Во время Великого поста у нас строго соблюдалась постная пища. А <так как> повар в гостинице не умел готовить такие блюда, то в постные дни готовила Прасковна, и очень вкусно. Я решила, что в течение всего поста не буду есть сладкого за обедом, но никому не говорила о своем решении. Однако вскоре Leek, около которой я сидела, заметила, что я каждый день отказываюсь от этих блюд, и спросила меня наедине, почему я это делаю. Я ей объяснила. На следующий день я в чем-то провинилась, и Мама мне сказала, что я сладкого не получу. Leek ей объяснила, что я и так не ем, что, видимо, удивило Мама. Я осталась ненаказанной, но вскоре пришлось подвергнуться большому искушению. Мама заказала к обеду два сладких, из которых одно было custard[33] в чашечках, которое все обожали и которое редко появлялось. Когда же появился custard, у меня так слюнки и потекли, и я старалась не смотреть на поднос с привлекательными чашечками. Но не тут-то было: все стали у меня спрашивать, откажусь ли я и от него. Кажется, Leek, знавшая, как я его люблю, сказала мне, что это придаточное сладкое и оно не в счет, так что я могу его съесть. Но, подавив все свои вожделения, я сказала, что именно поэтому я не смогу это сделать, раз дала такой зарок. Все это я объясняла почти шепотом, чтобы никто не слышал, и закручивала свои пальцы от смущения. Мне было неприятно, что об этом говорили.

Мы всегда ходили в русскую церковь с родителями. Туда же приходила школа девочек, которые выстраивались справа. Их сопровождала кислая немка, которая садилась впереди около них и слушала всю обедню не вставая. Мама раз подошла к ней и объяснила, что не полагается всю обедню сидеть, тем более во время пения «Тебе поем». Она злобно посмотрела на Мама и ответила, что это ее не касается. Leek брала уроки пения у некоего Herr Schaffe. За уроки платили родители. У нее был сдобный голос, и он ей приносил для пения слащавые немецкие песенки и смотрел на нее маслеными глазами, так как она была очень миловидна.
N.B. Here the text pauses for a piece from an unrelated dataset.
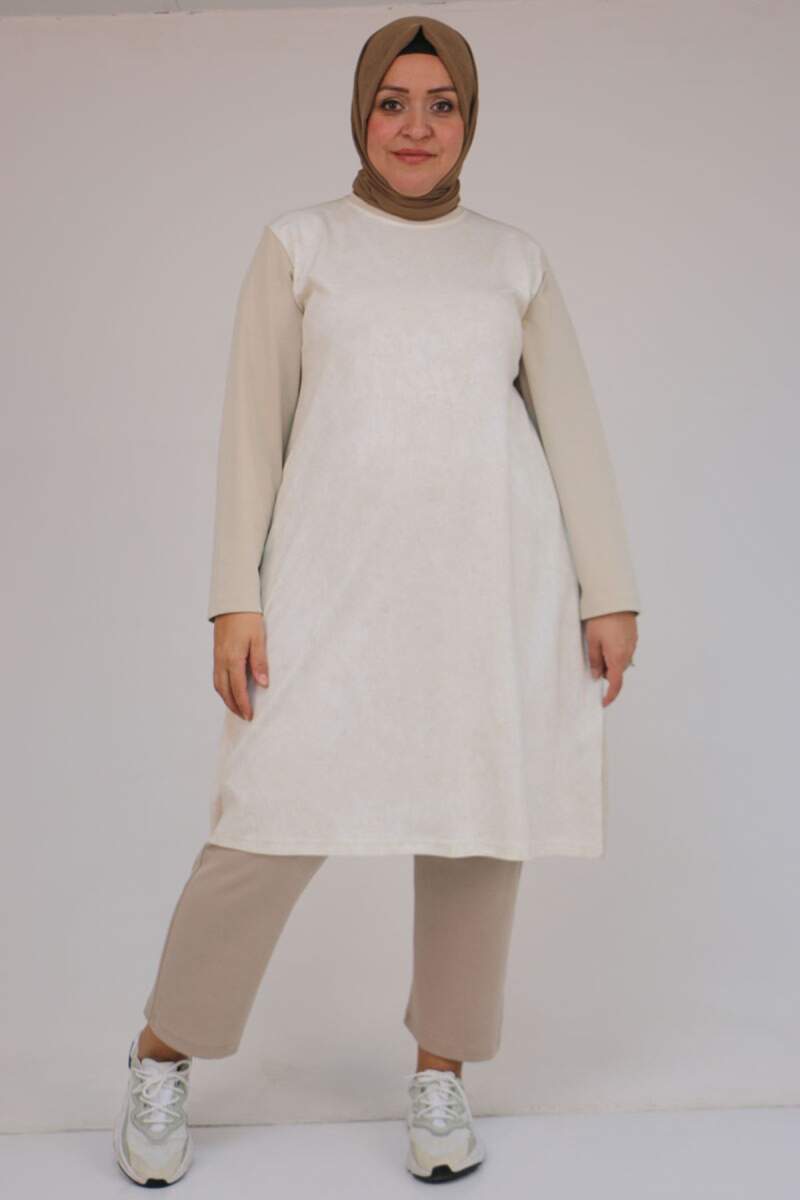 58161 Büyük Beden Basic Modal Tunik - Bej

Верно, он был в нее влюблен, и они вели бесконечные разговоры помимо пения, и она краснела и смущалась. Но мы ничего не понимали из их разговоров.
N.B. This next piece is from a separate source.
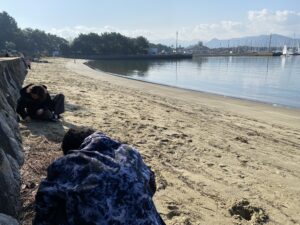 途中、散歩に来ていた男の子も飛び入り参加してくれて

Я упомянула о церкви. В дрезденской церкви меня впервые поразили слова Евангелия, которые я, вероятно, раньше не замечала, да и едва ли их слушала. Я любила церковное пение, когда оно было стройным. Были у меня любимые напевы: особенно «Седьмая Херувимская» Бортнянского, хотя я не знала, что она седьмая и что он ее написал, но к чтению Евангелия я не прислушивалась, верно, думала о другом, но в этот раз меня потрясли повторяющиеся, как мне казалось, слова: «Аз есмь Пастырь добрый», меня это вдруг глубоко тронуло. Мне показалось, что слышу эти слова впервые, и лишь стало жалко, когда кончилось чтение Евангелий. Нам всегда дарили малиновое русское Евангелие и молитвенник к первому говению, так что когда мы вернулись домой и я могла улучить минуту, то стала рыться в своем Евангелии, пока не нашла эти запавшие в сердце слова. Но все эти душевные переживания я таила в себе и никому о них не говорила. Даже дорогой Мими, которая, казалось, лучше всех меня понимала. При всей своей любви к Мама, я тогда еще не чувствовала с ней той близости, которая нас позднее соединила. В то время она была для меня чем-то недосягаемым, а Мими, делившая с нами все наши радости и горести, была самым близким человеком и, хотя она из ревности ни одну из наших гувернанток не любила, отлично сознавала свою роль в нашей жизни.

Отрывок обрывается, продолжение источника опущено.